For several decades, Chardonnay has been one of the world’s most successful white wines in the world. Chardonnay is grown and made all over the world. The wine’s appealing, big flavors- vanilla, buttered toast, custard, green apple, tropical fruit, lemon, pineapple- are matched by equally effusive textures – creamy, lush, and full bodied.
This wine is the opposite of Chardonnay- where Chardonnay is all buttery roundness, sauvignon blanc is taut, lithe and herbal, with a keen stiletto of acidity that vibrates through the center of the wine. The name sauvignon comes from the French word sauvage, meaning wild. Some California vinters use the term fume blanc for their sauvignon blancs. This is purely a marketing decision, for both wines are made from sauvignon blanc grapes. Flavors include straw, hay, grass, meadow, smoke, green tea and green herbs.
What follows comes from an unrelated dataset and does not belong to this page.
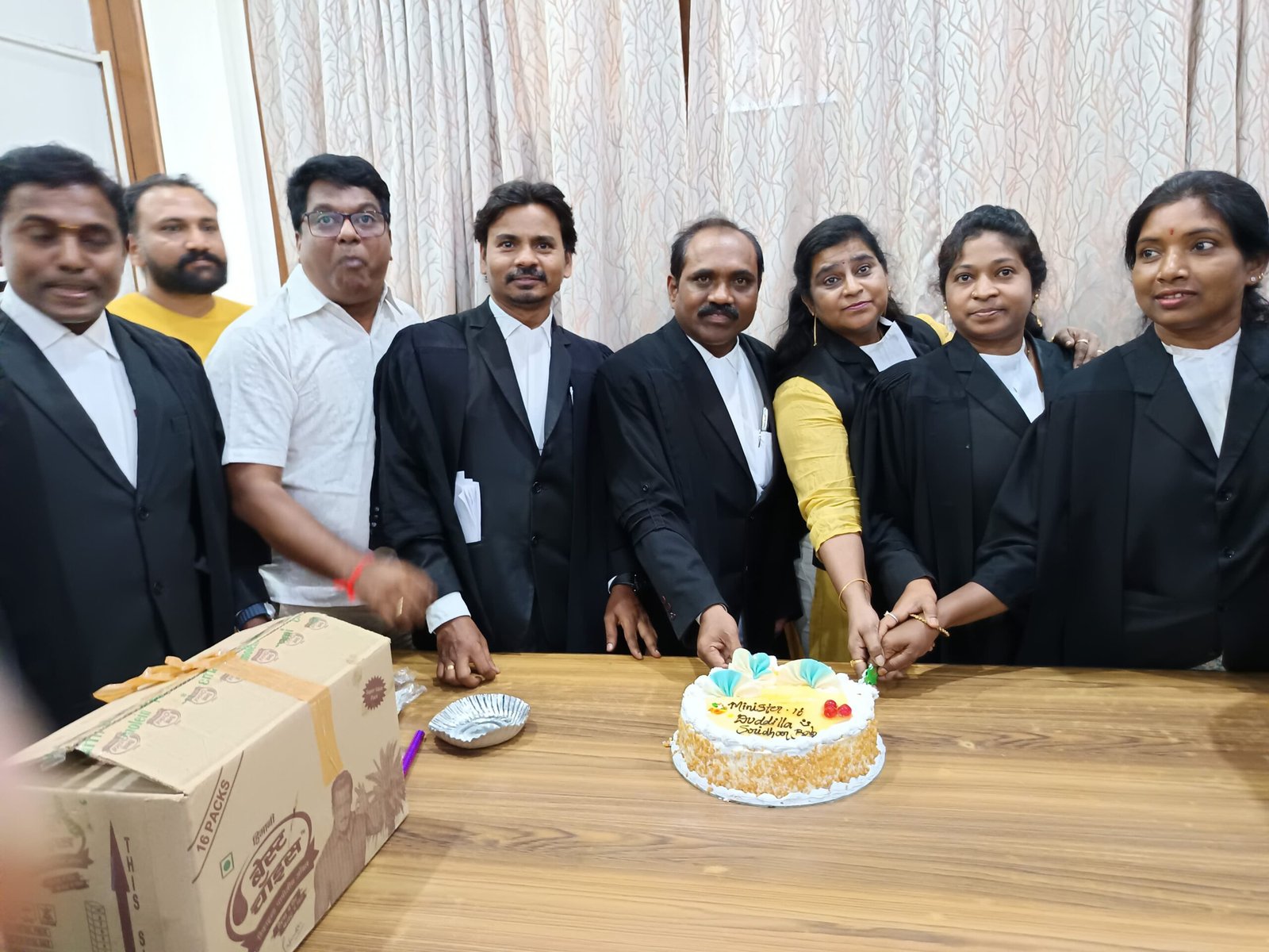 తెలంగాణ రాష్ట్ర ఐటీ,పరిశ్రమల శాఖా మంత్రివర్యులు దుద్ధిల్ల శ్రీధర్ బాబు జన్మదిన వేడుకలు తెలంగాణ హై కోర్ట్ ప్రాంగణంలో అడ్వకెట్స్ ఇనుగాల భీమారావు, బైరి రాకేశ్, దున్న అంబేద్కర్ ల ఆధ్వర్యంలో ఘనంగా జరిగాయి. గవర్నమెంట్ ప్లీడర్ మంగీలాల్, అడ్వకెట్స్ అసోసియేషన్ సెక్రటరీ, జాయింట్ సెక్రటరీ శాంతిభూషణ్, నవీన్ కుమార్ ల సమక్షంలో మంత్రి శ్రీధర్ బాబు బర్త్డే కేక్ ను అడ్వకేట్స్ కట్ చేశారు. అనంతరం అడ్వకేట్ జనరల్ సుదర్శన్ రెడ్డికి, న్యాయవాదులకు, సిబ్బందికి స్వీట్లు పంపిణీ చేశారు. తెలంగాణ అభివృద్ధికి ప్రత్యేకంగా న్యాయవాదుల సంక్షేమం కోసం అనేక చర్యలు చేపట్టిన మంత్రి దుద్ధిల్ల శ్రీధర్ బాబు మరెన్నో జన్మదిన వేడుకలు జరుపుకోవాలని వారు ఆకాంక్షించారు. ఈ కార్యక్రమంలో

Whimsical as the name may seem, there can be something broad, pure and cottony about the young Semillons. With older Semillons a rich, honey flavor and a lush lanolin-like texture is found.
Pinot Gris is a light crisp wine. It became popular for drinking in the spring and summer seasons because of its pear and spice-cake flavors.
A white wine that is sweet and, as such, could accompany or be dessert. In the United States such wines often fall into the category of “late harvest.” These wines come to be sweet enough to be a dessert wine through a process that starts with grapes that are very high in sugar because they were: picked after the regular harvest; laid out on mats and allowed to raisinate, thereby concentrating their sugar; permitted to freeze on the vine so that the water can be separated from the sugary juice; attacked by the fungus Botrytis cinerea (the noble rot of French Sauternes), which consumes the grapes and helps more to evaporate, again concentrating the sugar.
A United States trademarked designation, adopted in 1988 by the Meritage Association, for the California wines that are a blend of varieties of grapes used in Bordeaux. A red meritage may be made up of cabernet sauvignon, merlot and cabernet franc. A white meritage would be a blend of sauvignon blanc and semillion.